*Exercise goal:* Will you write out, word for word, every line from the one with "La entonces secretaria" to the final line of the data below, with the pictures left out?
Exercise materials Block Start
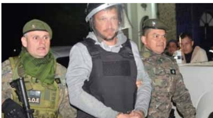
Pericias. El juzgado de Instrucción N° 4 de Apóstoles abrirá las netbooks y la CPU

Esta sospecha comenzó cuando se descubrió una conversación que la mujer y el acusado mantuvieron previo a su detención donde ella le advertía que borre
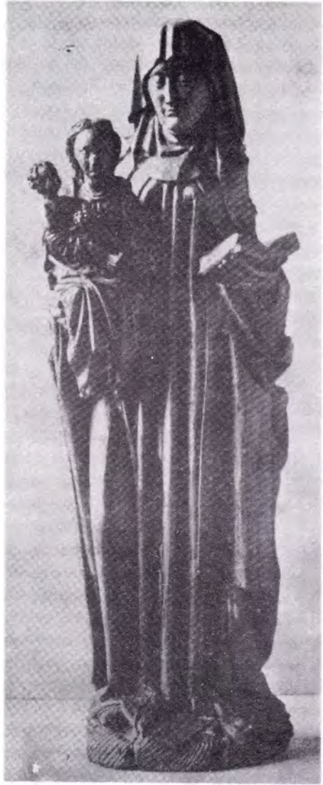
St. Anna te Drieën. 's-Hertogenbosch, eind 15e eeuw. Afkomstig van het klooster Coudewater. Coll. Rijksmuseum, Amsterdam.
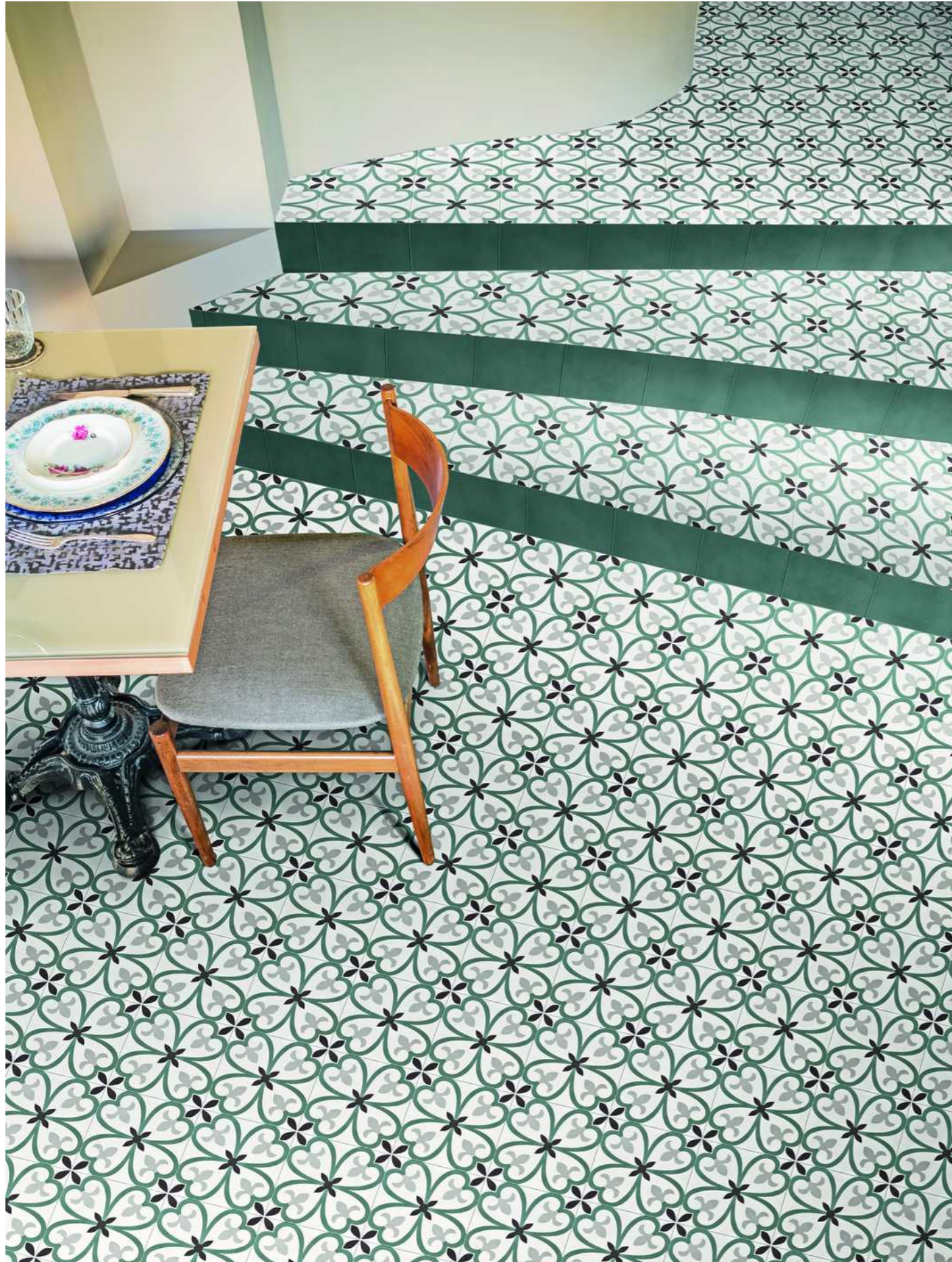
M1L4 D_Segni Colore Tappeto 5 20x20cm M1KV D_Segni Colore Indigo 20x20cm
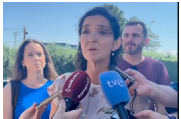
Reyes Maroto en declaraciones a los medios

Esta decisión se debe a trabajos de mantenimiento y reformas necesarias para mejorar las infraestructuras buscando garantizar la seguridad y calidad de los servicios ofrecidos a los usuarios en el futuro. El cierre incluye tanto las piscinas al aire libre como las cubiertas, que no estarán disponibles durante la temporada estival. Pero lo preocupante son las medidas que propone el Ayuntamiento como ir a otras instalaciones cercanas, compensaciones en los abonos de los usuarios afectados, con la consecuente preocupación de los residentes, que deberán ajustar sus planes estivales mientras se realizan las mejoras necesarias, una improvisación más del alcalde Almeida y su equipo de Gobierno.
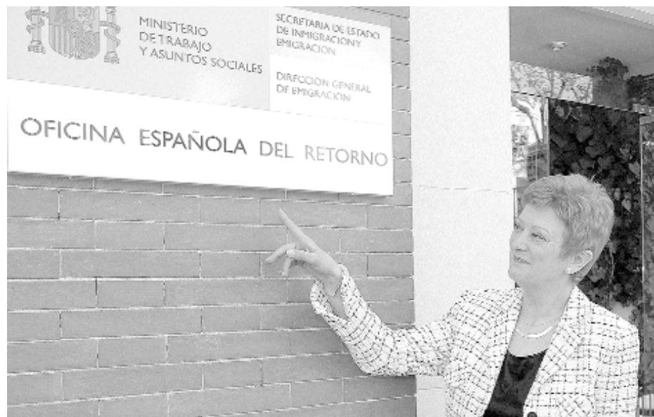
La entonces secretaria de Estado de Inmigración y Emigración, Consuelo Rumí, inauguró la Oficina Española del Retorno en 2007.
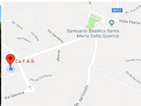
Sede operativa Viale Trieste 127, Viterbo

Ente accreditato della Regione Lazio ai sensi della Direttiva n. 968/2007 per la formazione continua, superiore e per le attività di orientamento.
Exercise materials Block End
*The answer:*
La entonces secretaria de Estado de Inmigración y Emigración, Consuelo Rumí, inauguró la Oficina Española del Retorno en 2007.
Sede operativa Viale Trieste 127, Viterbo

Ente accreditato della Regione Lazio ai sensi della Direttiva n. 968/2007 per la formazione continua, superiore e per le attività di orientamento.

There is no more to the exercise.